"When the Son of Man comes in his glory, and all the angels with him, then he will sit on the throne of his glory. All the nations will be gathered before him, and he will separate people one from another as a shepherd separates the sheep from the goats, and he will put the sheep at his right hand and the goats at the left. Then the king will say to those at his right hand, 'Come, you that are blessed by my Father, inherit the kingdom prepared for you from the foundation of the world; for I was hungry and you gave me food, I was thirsty and you gave me something to drink, I was a stranger and you welcomed me, I was naked and you gave me clothing, I was sick and you took care of me, I was in prison and you visited me.' Then the righteous will answer him, 'Lord, when was it that we saw you hungry and gave you food, or thirsty and gave you something to drink? And when was it that we saw you a stranger and welcomed you, or naked and gave you clothing? And when was it that we saw you sick or in prison and visited you?' And the king will answer them, 'Truly I tell you, just as you did it to one of the least of these who are members of my family, you did it to me.' Then he will say to those at his left hand, 'You that are accursed, depart from me into the eternal fire prepared for the devil and his angels; for I was hungry and you gave me no food, I was thirsty and you gave me nothing to drink, I was a stranger and you did not welcome me, naked and you did not give me clothing, sick and in prison and you did not visit me.' Then they also will answer, 'Lord, when was it that we saw you hungry or thirsty or a stranger or naked or sick or in prison, and did not take care of you?' Then he will answer them, 'Truly I tell you, just as you did not do it to one of the least of these, you did not do it to me.' And these will go away into eternal punishment, but the righteous into eternal life."

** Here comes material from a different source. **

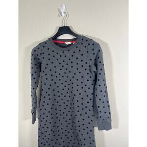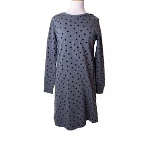 Boden Long Sleeve Grey Navy Polka Dot Dress 100% Cotton Size 4 Womens Small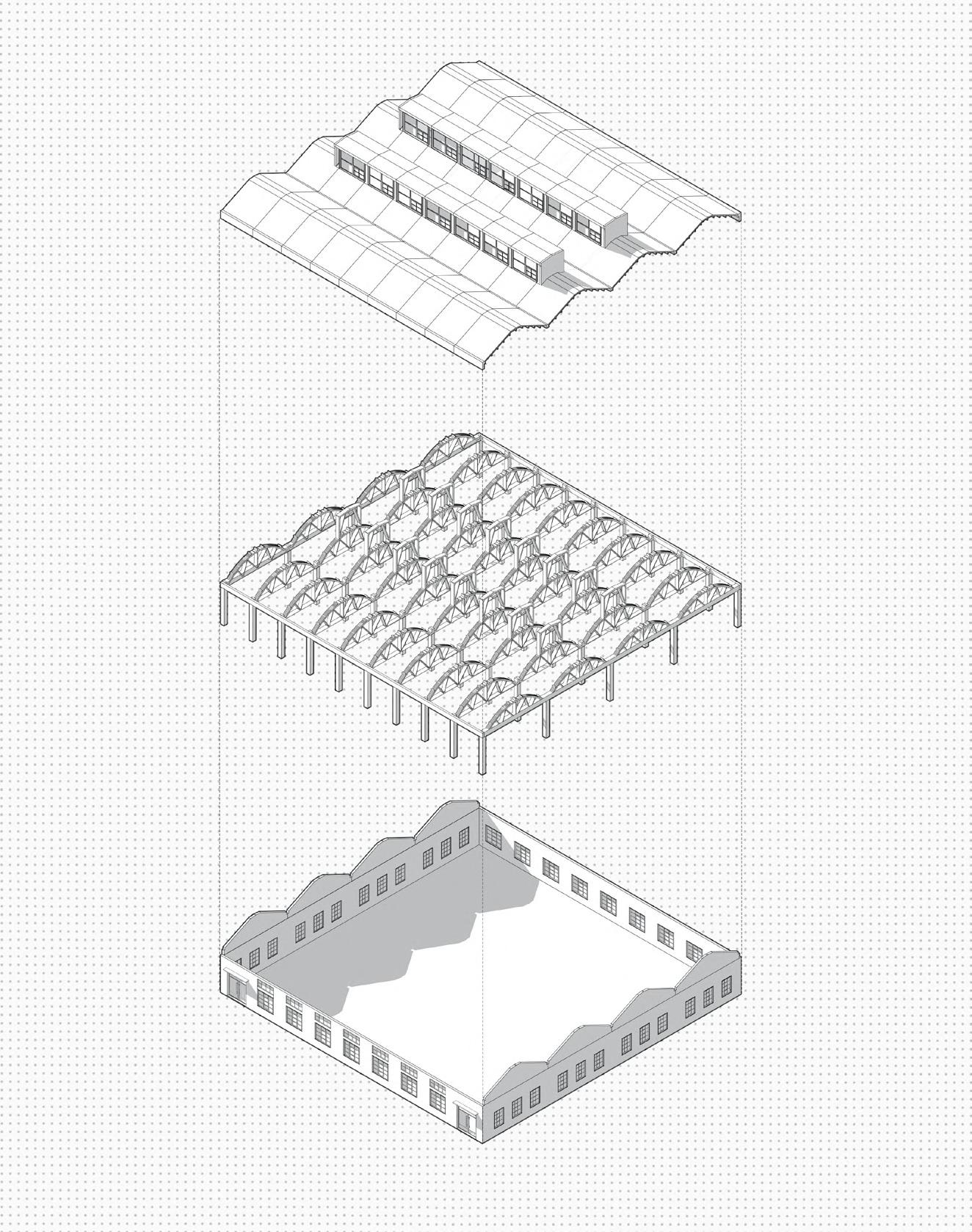 1. Remove the original metal structure and roof, and keep the original walls of the old factory (to preserve the historical memory of the Miles Factory).

Some people have a recurring nightmare in which they are being judged and found totally wanting. Today's reading sounds just like such a nightmare. Earlier generations of Christians thought about “that day” (dies illa) more than people want to do now. For centuries they sang that austere sequence Dies irae (Day of wrath), meditating on that ultimate scene of judgement.
It is impossible to evade the question of ultimate judgment, however you think of it. In the sight of God what will my life amount to in the end? In the face of that ultimate question we all feel naked and ashamed. Human beings have imagined a scenario where they can start all over again: reincarnation. But the same question would only arise again and again. This is not how the Judeo-Christian tradition sees it. In the words of Qoheleth, “Whether a tree falls to the south or to the north, in the place where it falls, there will it lie” (11:3). There is no coming back, as the rich man discovered in Jesus’ parable (Lk 16:19-31). These are grim thoughts.
But the point of this reading is not to divide the world into good and bad people (does anyone fit perfectly in either of those categories?), but to make the point that in serving one another we are serving God. Our ultimate destiny, the thing that seems farthest away, actually hangs on the things nearest to hand, the most proximate: on how we treat the Lord in “the hungry, the thirsty, the stranger, the naked, the sick, the imprisoned.”